→ Your objective:
Give the entries back exactly as they stand, but without pictures.

(Items from a dataset)
────────────────────

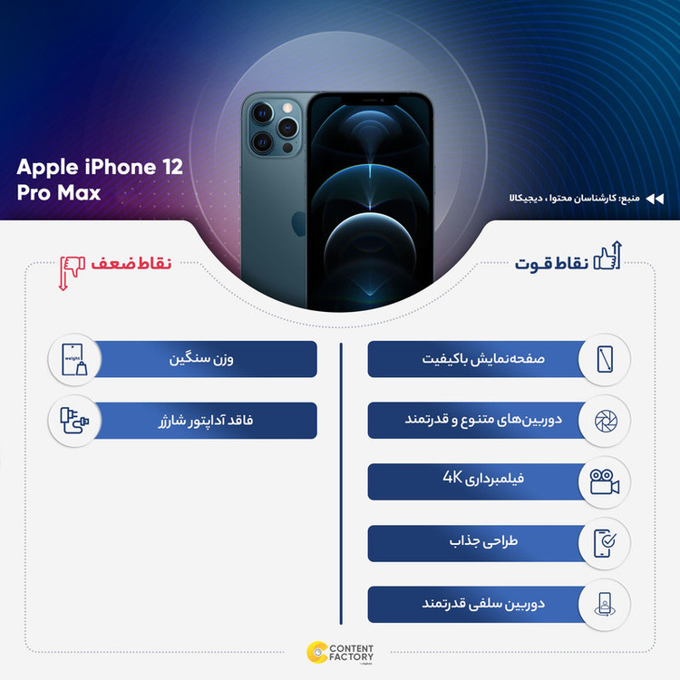 گوشی موبایل iPhone 12 Pro Max LLA پرچمدار جدید شرکت اپل است. اپل برای ویژگیها و طراحی کلی این گوشی از همان فرمول چند سال اخیرش استفاده کرده است. نمایشگر آیفون 12 Pro MAX به پنل Super Retina مجهز شده است تا تصاویر بسیار مطلوبی را به کاربر عرضه کند. این نمایشگر رزولوشن بسیار بالایی دارد؛ بهطوریکه در اندازه 6.7 اینچیاش، حدود 458 پیکسل را در هر اینچ جا داده است. قاب پشتی آیفون جدید هم از شیشه ساخته شده تا هم گوشی مشکل آنتندهی نداشته باشد و هم امکان شارژ بیسیم باتری در این گوشی وجود داشته باشد. آیفون جدید میتواند به مدت 30 دقیقه در عمق 4 متری آب دوام بیاورد. تشخیص چهره با استفاده از دوربین جلو دیگر ویژگی است که در آیفون جدید اپل به کار گرفته شده است. اما جالبترین و واضحترین تفاوت در این محصول جدید، دوربینهایی است که این بار به شکل چهارگانه در قاب پشتی جا خوش کردهاند. سه دوربین با سنسورهای 12مگاپیکسلی بههمراه دوربین چهارم از نوع عمیق TOF 3D LiDAR scanner عکسهایی با کیفیتِ بسیار بالا و کاملاً رضایتبخش را به کاربر هدیه میدهد. قابلیت اتصال به شبکههای 4G و 5G، بلوتوث نسخه 5، نسخهی 14 از iOS دیگر ویژگیهای این گوشی هستند. ازنظر سختافزاری هم این گوشی از تراشهی جدید A14 بهره میبرد که تا بتواند علاوه بر کارهای معمول، از قابلیتهای جدید واقعیت مجازی که اپل این روزها روی آن تمرکز خاصی دارد، پشتیبانی کند. به گفته خود شرکت اپل این گوشی دارای سرعتی 80 برابر نسخه 11 خود است. پارت نامبر این گوشی iPhone 12 Pro Max LLA است که متعلق به کشور چین است. گوشیهای نات اکتیو با قرار گرفتن سیمکارتهای داخلی اکتیو میشوند و برخلاف مدل اکتیو پلمپ کالا باز نشده است. گوشیهای اکتیو برند اپل هم به این شکل هستند که به دلیل محدودیتهای برخی از محصولات اپل برای کشور ایران، در کشورهای همسایه بهصورت رسمی با یک بار قرار گرفتن سیمکارت، اکتیو شده و پلمپ میشوند و باید بدانید که این پروسه هیچ مشکلی در راستای گارانتی کالا بههمراه ندارد. پارتنامبرهای اروپا و ژاپن و امارات تک سیمکارت هستند و پارتنامبرهای مربوط به امارات هم از فیس تایم پشتیبانی نمیکنند. پارتنامبر JA (ژاپن) هم حتی در حالت سایلنت صدای شاتر عکس قطع نمیشود.
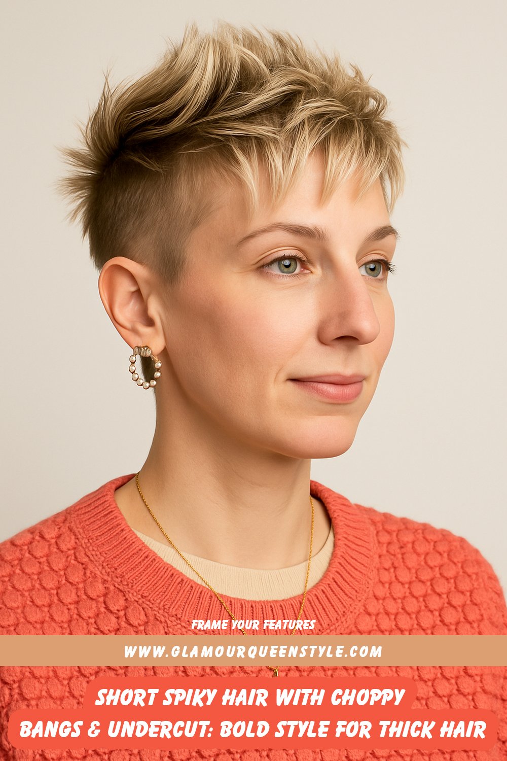 Show off your bold personality with a short, spiky haircut paired with choppy bangs and an undercut—this style is perfect if you want to turn heads. The textured spikes add movement and dimension, while the undercut keeps thick hair manageable without sacrificing edge. Choppy bangs frame your facial features beautifully, softening the look yet keeping it strikingly modern. Finish this statement hairstyle by pairing it with vibrant fashion choices—like a colorful tie-dye top—and accentuate the look further using unique gold jewelry for coordinated flair that elevates both confidence and individuality.
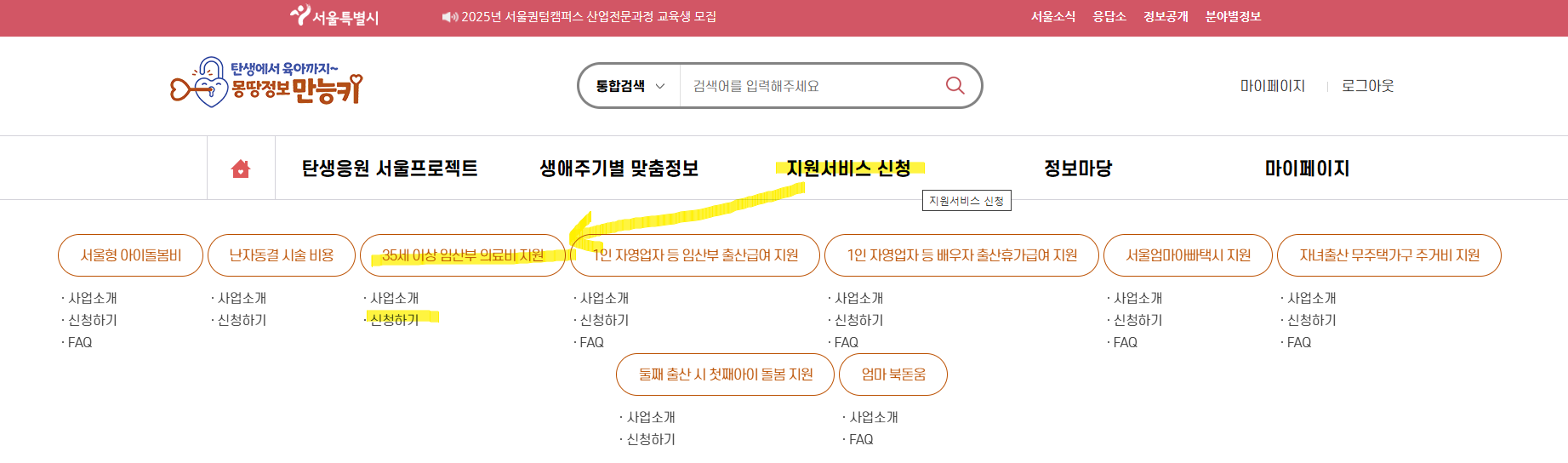 - 몽땅정보만능키에서 신청서 작성, 구비서류 첨부 (몽땅정보만능키 > 지원서비스신청 > 35세 이상 임산부 의료비 지원 > 신청하기)
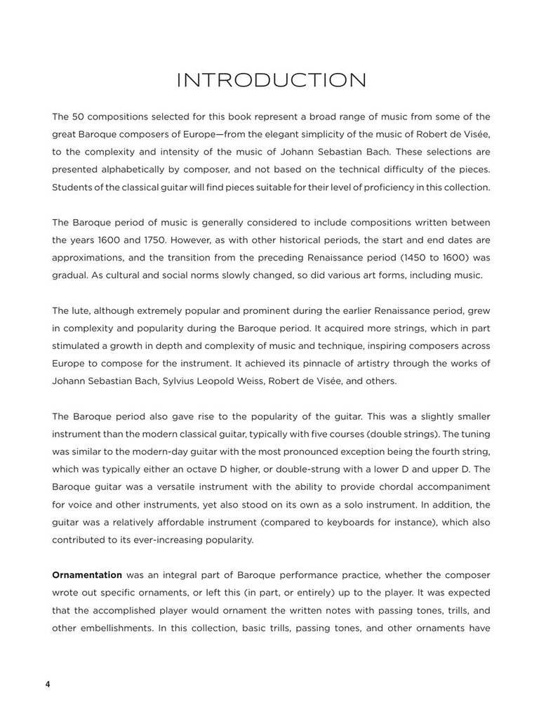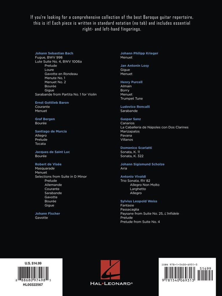 If you're looking for a comprehensive collection of the best Baroque guitar repertoire, this is it! This one-of-a-kind collection includes selections by Johann Sebastian Bach, Robert de Visée, Ernst Gottlieb Baron, Santiago de Murcia, Antonio Vivaldi, Sylvius Leopold Weiss and more. Each piece is written in standard notation (no tab) and includes essential right- and left-hand fingerings.
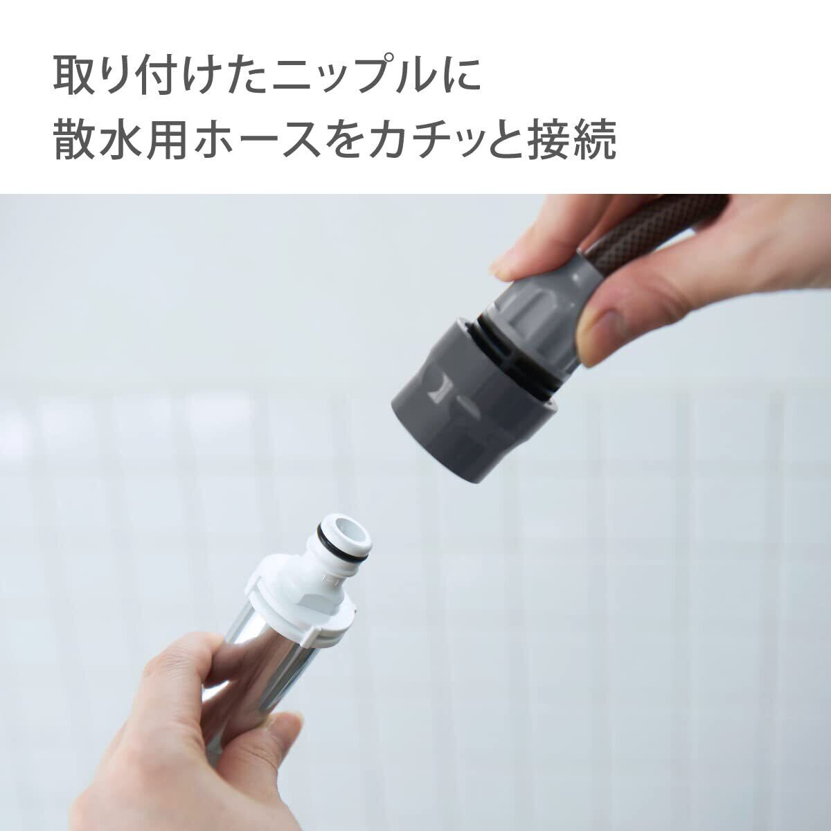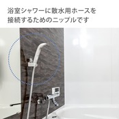 お風呂でお使いの浴室用シャワーホースに取り付け、散水用ホースをワンタッチで接続できます。
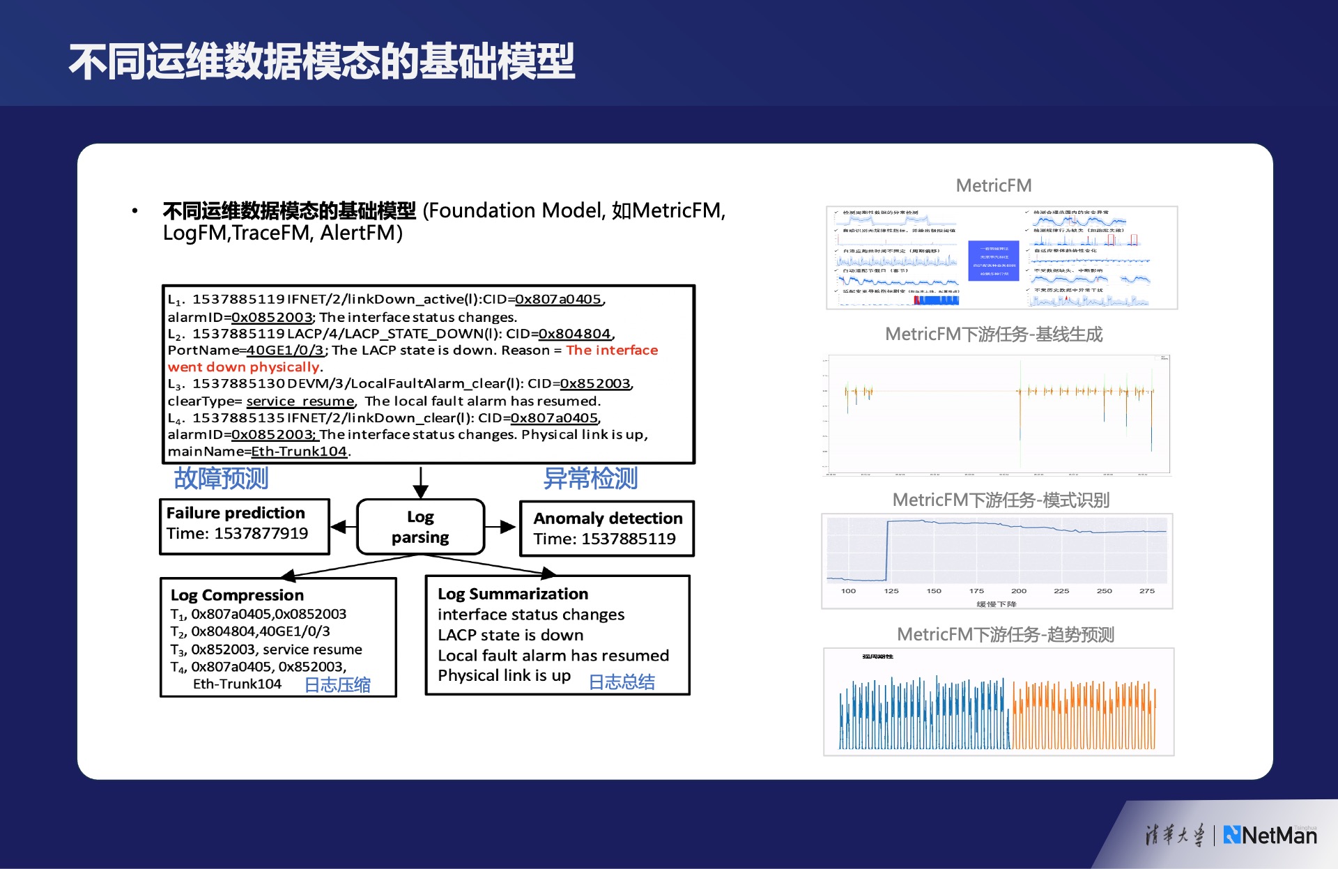 过去我们用小模型的方式,每一个都是单独做模型,然后评估准确率。本质上需要对底层类型的数据有深刻理解的能力,在这之上建立基础模型,而这些任务就是基础模型的一个个小模型的应用。对于日志、trace数据、告警数据、其他数据也都是类似的情况。多模态的数据每一个都有自己强烈的特点,基于这些特点建立的基础模型(Foundation Model),然后对它的上游应用再建立模型,这种思路对AIOps智能运维方向也是一个不错的启示。
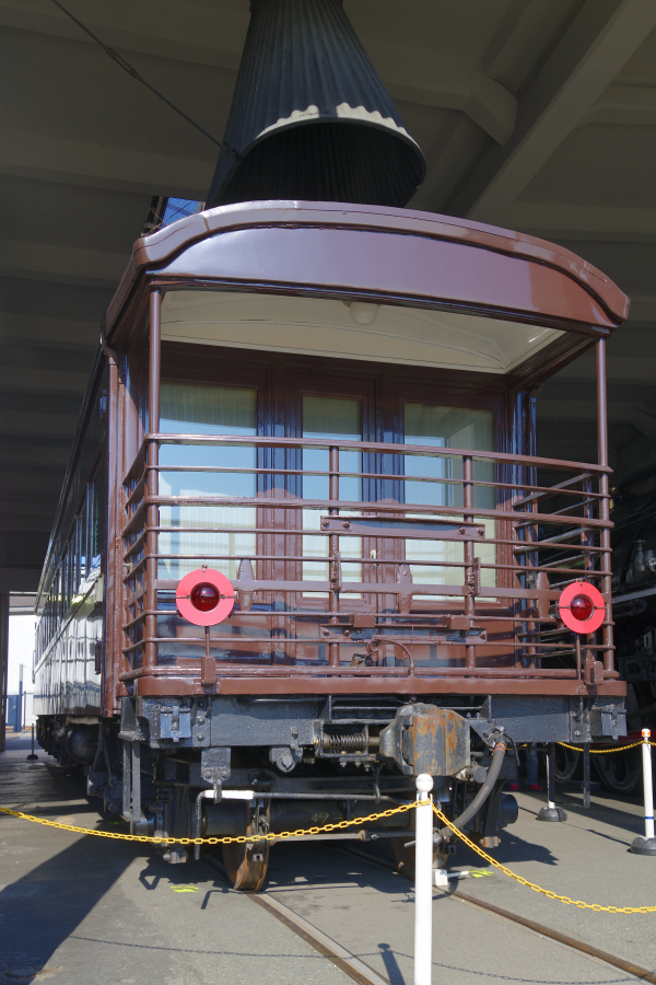 1947年に冷房化改造した際,写真手前側にあたる後位側の片デッキ (4位側) を塞いで冷房配電盤室としています。その後,皇太子の非公式用として整備した際に再び緩急車化しており,塞いだデッキの横に車掌室扉が設けられていて特殊な構造になっています。 (2023/1/3追加) |
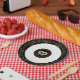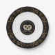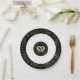 These richly designed paper plates are great for serving up some fun (and easy clean up too) for your next wedding event or anniversary party. Preformatted text [which you can change] has room for your two names. Shown here is a White inner rim and a double wedding ring print in the centre over chic Black background. Double Gold coloured border frills on the Black outer border and on the inner area round the wedding rings print. Personalise!
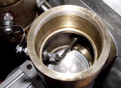 A detail showing a piston in its cast-iron cylinder. The cylinder is
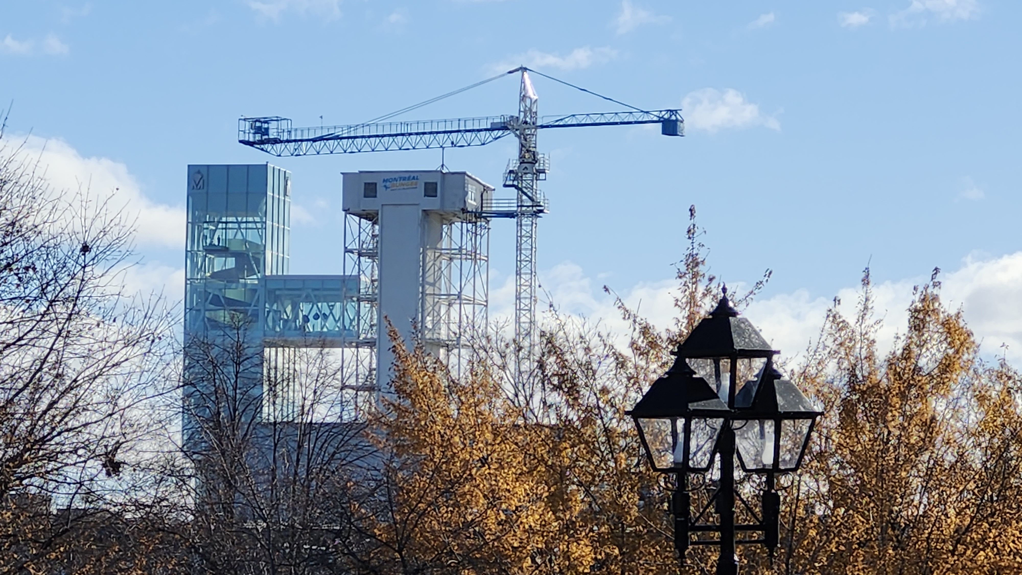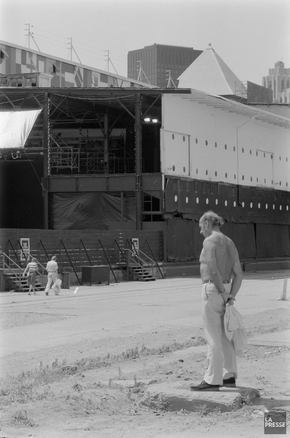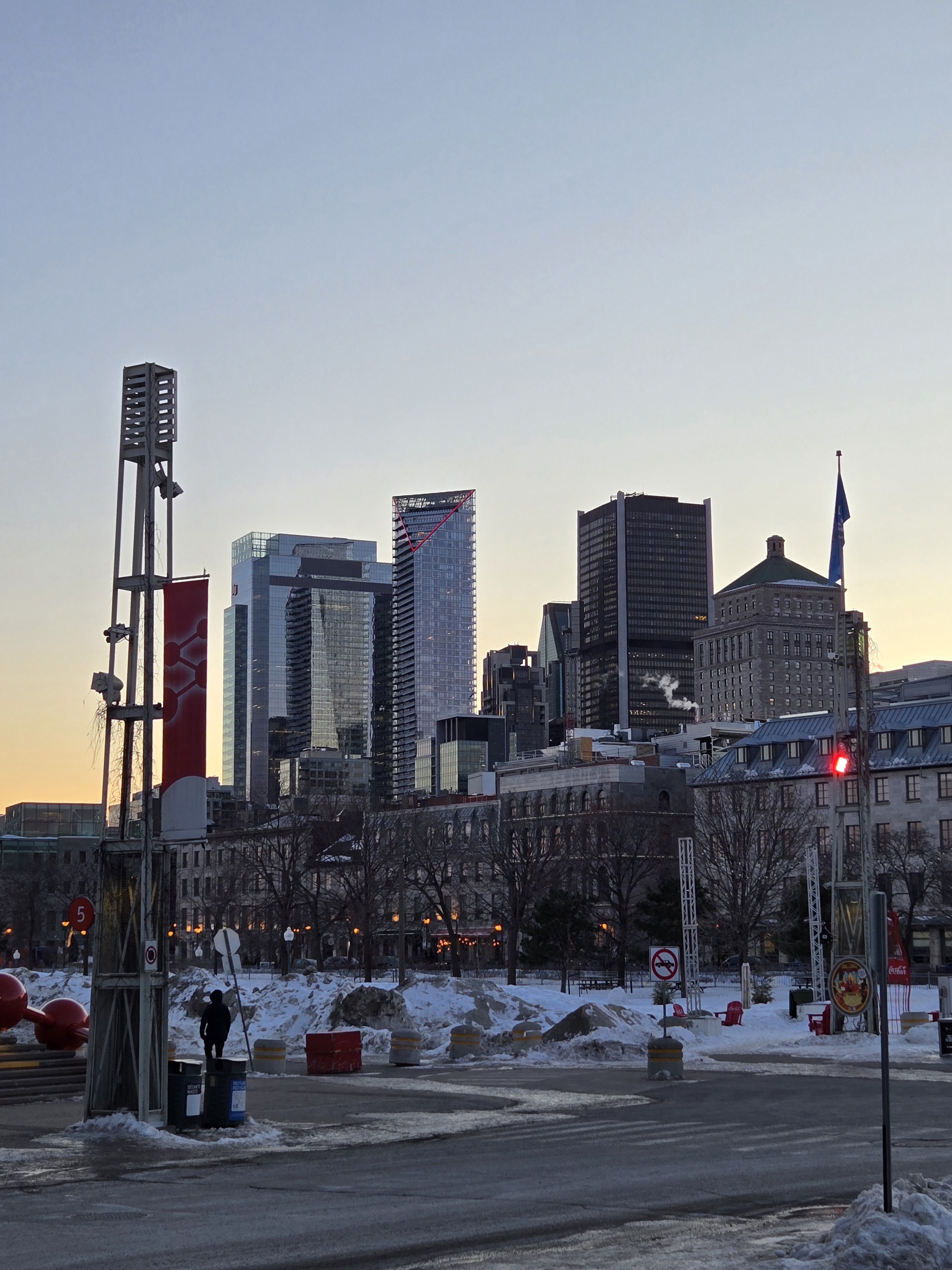 Le quai de l’Horloge le 9 mai 1991, avec l’aménagement du bassin Bonsecours en arrière-plan en prévision du 350e de Montréal et la construction du 1000 et du IBM-Marathon.
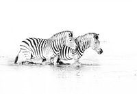 Zebras im Wasser schwarz-weiss van Robert Styppa

────────────────────

→ Your response:
 گوشی موبایل iPhone 12 Pro Max LLA پرچمدار جدید شرکت اپل است. اپل برای ویژگیها و طراحی کلی این گوشی از همان فرمول چند سال اخیرش استفاده کرده است. نمایشگر آیفون 12 Pro MAX به پنل Super Retina مجهز شده است تا تصاویر بسیار مطلوبی را به کاربر عرضه کند. این نمایشگر رزولوشن بسیار بالایی دارد؛ بهطوریکه در اندازه 6.7 اینچیاش، حدود 458 پیکسل را در هر اینچ جا داده است. قاب پشتی آیفون جدید هم از شیشه ساخته شده تا هم گوشی مشکل آنتندهی نداشته باشد و هم امکان شارژ بیسیم باتری در این گوشی وجود داشته باشد. آیفون جدید میتواند به مدت 30 دقیقه در عمق 4 متری آب دوام بیاورد. تشخیص چهره با استفاده از دوربین جلو دیگر ویژگی است که در آیفون جدید اپل به کار گرفته شده است. اما جالبترین و واضحترین تفاوت در این محصول جدید، دوربینهایی است که این بار به شکل چهارگانه در قاب پشتی جا خوش کردهاند. سه دوربین با سنسورهای 12مگاپیکسلی بههمراه دوربین چهارم از نوع عمیق TOF 3D LiDAR scanner عکسهایی با کیفیتِ بسیار بالا و کاملاً رضایتبخش را به کاربر هدیه میدهد. قابلیت اتصال به شبکههای 4G و 5G، بلوتوث نسخه 5، نسخهی 14 از iOS دیگر ویژگیهای این گوشی هستند. ازنظر سختافزاری هم این گوشی از تراشهی جدید A14 بهره میبرد که تا بتواند علاوه بر کارهای معمول، از قابلیتهای جدید واقعیت مجازی که اپل این روزها روی آن تمرکز خاصی دارد، پشتیبانی کند. به گفته خود شرکت اپل این گوشی دارای سرعتی 80 برابر نسخه 11 خود است. پارت نامبر این گوشی iPhone 12 Pro Max LLA است که متعلق به کشور چین است. گوشیهای نات اکتیو با قرار گرفتن سیمکارتهای داخلی اکتیو میشوند و برخلاف مدل اکتیو پلمپ کالا باز نشده است. گوشیهای اکتیو برند اپل هم به این شکل هستند که به دلیل محدودیتهای برخی از محصولات اپل برای کشور ایران، در کشورهای همسایه بهصورت رسمی با یک بار قرار گرفتن سیمکارت، اکتیو شده و پلمپ میشوند و باید بدانید که این پروسه هیچ مشکلی در راستای گارانتی کالا بههمراه ندارد. پارتنامبرهای اروپا و ژاپن و امارات تک سیمکارت هستند و پارتنامبرهای مربوط به امارات هم از فیس تایم پشتیبانی نمیکنند. پارتنامبر JA (ژاپن) هم حتی در حالت سایلنت صدای شاتر عکس قطع نمیشود.
 Show off your bold personality with a short, spiky haircut paired with choppy bangs and an undercut—this style is perfect if you want to turn heads. The textured spikes add movement and dimension, while the undercut keeps thick hair manageable without sacrificing edge. Choppy bangs frame your facial features beautifully, softening the look yet keeping it strikingly modern. Finish this statement hairstyle by pairing it with vibrant fashion choices—like a colorful tie-dye top—and accentuate the look further using unique gold jewelry for coordinated flair that elevates both confidence and individuality.
 - 몽땅정보만능키에서 신청서 작성, 구비서류 첨부 (몽땅정보만능키 > 지원서비스신청 > 35세 이상 임산부 의료비 지원 > 신청하기)
 If you're looking for a comprehensive collection of the best Baroque guitar repertoire, this is it! This one-of-a-kind collection includes selections by Johann Sebastian Bach, Robert de Visée, Ernst Gottlieb Baron, Santiago de Murcia, Antonio Vivaldi, Sylvius Leopold Weiss and more. Each piece is written in standard notation (no tab) and includes essential right- and left-hand fingerings.
 お風呂でお使いの浴室用シャワーホースに取り付け、散水用ホースをワンタッチで接続できます。
 过去我们用小模型的方式,每一个都是单独做模型,然后评估准确率。本质上需要对底层类型的数据有深刻理解的能力,在这之上建立基础模型,而这些任务就是基础模型的一个个小模型的应用。对于日志、trace数据、告警数据、其他数据也都是类似的情况。多模态的数据每一个都有自己强烈的特点,基于这些特点建立的基础模型(Foundation Model),然后对它的上游应用再建立模型,这种思路对AIOps智能运维方向也是一个不错的启示。
 1947年に冷房化改造した際,写真手前側にあたる後位側の片デッキ (4位側) を塞いで冷房配電盤室としています。その後,皇太子の非公式用として整備した際に再び緩急車化しており,塞いだデッキの横に車掌室扉が設けられていて特殊な構造になっています。 (2023/1/3追加) |
 These richly designed paper plates are great for serving up some fun (and easy clean up too) for your next wedding event or anniversary party. Preformatted text [which you can change] has room for your two names. Shown here is a White inner rim and a double wedding ring print in the centre over chic Black background. Double Gold coloured border frills on the Black outer border and on the inner area round the wedding rings print. Personalise!
 A detail showing a piston in its cast-iron cylinder. The cylinder is
 Le quai de l’Horloge le 9 mai 1991, avec l’aménagement du bassin Bonsecours en arrière-plan en prévision du 350e de Montréal et la construction du 1000 et du IBM-Marathon.
 Zebras im Wasser schwarz-weiss van Robert Styppa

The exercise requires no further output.